5. when the rich customer is killed his resources are assumed to disappear
Problem: The rich customer’s assets would probably get caught up in probate and the lawyers in the group would probably end up with most of them. In any case the fifty bucks would not simply disappear, they would go to someone else who would simply assume the position and the bill would still get paid, but by a different person.

6. The benefits of the restaurant meals are assumed to be received uniformly amongst the customers
The club is founded for the purpose of our common welfare such that the club is on a mission to provide nurturing support to the members. The buffet dinner was meant to represent this uneven distribution of the available benefits, but this still misrepresents the situation because many of the people who might stand to benefit are discouraged or otherwise prevented from receiving the benefits they may be entitled to have. The story would have to include some way of insulting the poorest for being poor before they could get their meal.

Another problem with the parable is that the idea that a reduction in the amount that each person pays should be calculated as if it were cash to be received as a refund instead of a discount off the original price. A manager that discounts more than a 100% would be fired for giving away the store.

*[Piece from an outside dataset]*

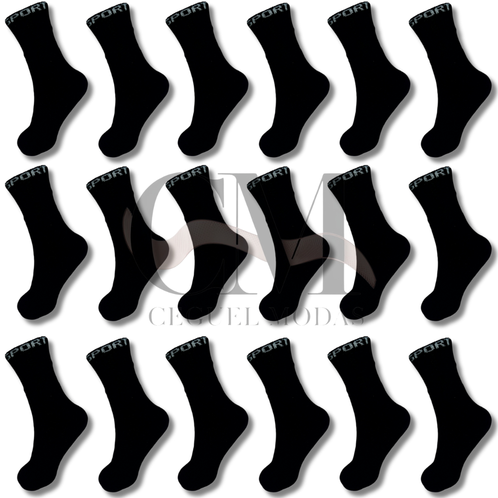 kits de 3 a 24 pares meia SPORT PRETA 100% algodão grossa alta qualidade cano alto

I have also neglected to redistribute the gender, educational level, sexual orientations and racial attributes of the characters in the story, which would be required for a full liberalization of the tale.

My rewriting is at least partly inspired by ideas in George Lakoff's books, Don't Think of An Elephant and Moral Politics.

[FYI- I have revised this post since Karl Low made his comments and some of his critique has been helpful in revising the post since then.]